The purpose of this paper is to examine how the problem of cost disease might be solved on the demand side.(4) Over the course of the analysis, a dichotomy between two basic approaches (which I refer to as "Veblenian" and "Marshallian" for reasons that will presently be made clear) will become apparent.
While this paper is limited to the performing arts industry, it should be noted that the issue of low or zero productivity growth has been extended by Baumol [1989, 611-615, for example] to the services sector in general. Thus, the conclusions reached here may be useful in a more general setting.
The next section of the paper describes ways in which demand can be changed, while the following two sections explore "Veblenian" and "Marshallian" cures for cost disease. The fifth section examines approaches to demand modification currently in use in the United States and Europe. Finally, the last section draws conclusions from the preceding analysis.
If demand for the performing arts is assumed constant, there will be an eventual loss of the labor force, or increasing subsidies will be required to cover a growing wage bill. This will be the case if cost curves are not allowed to rise; rising relative output prices coupled with lower employment will result if rising costs are passed on. If demand is no longer held constant, all of these results need not necessarily obtain: demand increases, if sufficiently large, could lead to increases in revenue that match or even exceed the increased costs.
The three most likely ways that demand for the performing arts could increase would involve increasing the number of consumers, increasing "taste" for the performing arts, and increasing consumer incomes. The way in which an increased number of consumers or a greater taste for the performing arts would affect demand is self-evident. The effect that increased consumer incomes would have over the demand for the performing arts depends, of course, on the income elasticity of demand for the arts.(5) A reasonable guess is that the magnitude of this coefficient is somewhere above unity, since the performing arts could hardly be construed to be a necessity by very many. However, as both Glenn Withers [1980, 735-742] and David Throsby [1994, 1-29] point out, enjoyment of the performing arts is time-intensive. This means that increasing demand stimulated by rising incomes might be diminished to some extent if the opportunity cost of leisure increases (an assumption that is itself open to doubt). Whereas a "pure" income effect might well be above unity, that which is actually seen econometrically might not be. Indeed, Withers calculated this coefficient to be just about exactly 1, while other estimates have placed it both above and below 1. For purposes of argument, let us assume that the coefficient is somewhere above unity.

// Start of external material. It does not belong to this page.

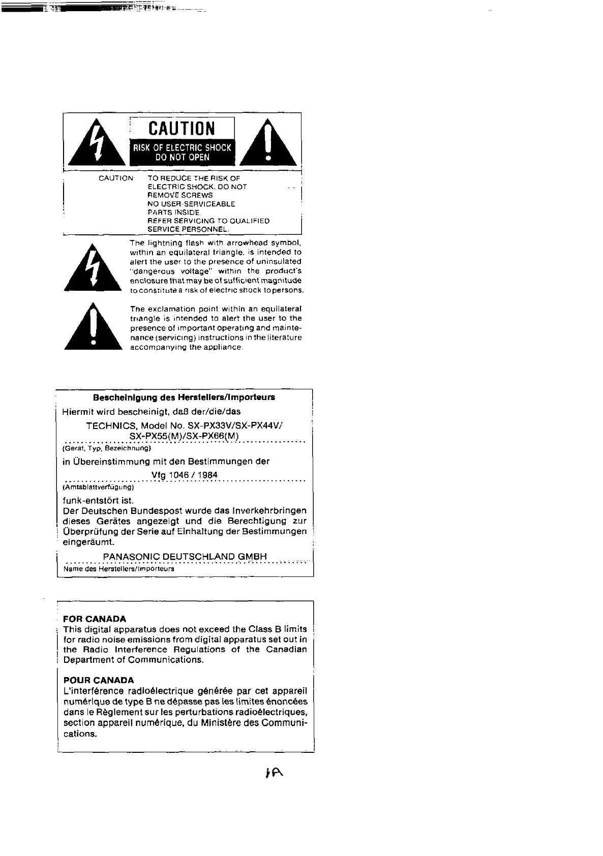 Technics SX-PX44V Bruksanvisning

Although it does not cause changes in demand, another factor that should be mentioned that could mitigate the ill effects of cost disease is relative price inelasticity. If the price elasticity of demand for the performing arts is low, then wage increases can occur and be passed on without much shrinkage of the sector.(6) While the price elasticities of demand for different parts of the performing arts sector have generally been estimated to be less than unity (Withers  found it to be about -0.65, while T.G. Moore [1966, 79-87] estimated it at -0.63), it would still be beneficial to firms that this elasticity be somehow minimized (in absolute terms). How this can be done is addressed in the next section.
A "Veblenian" Approach
One approach to the problem of cost disease involves an increase in demand via increases in consumers of the performing arts and greater expenditure through increased share of rising income spent on the arts. Specifically, the industry should find some way to portray its product as an attractive, desirable luxury for those who might not currently see it as such, which in addition to bringing in additional consumers, would also increase the income elasticity of demand for the performing arts. New demand would be stimulated, and subsequent income increases would have their greatest effect.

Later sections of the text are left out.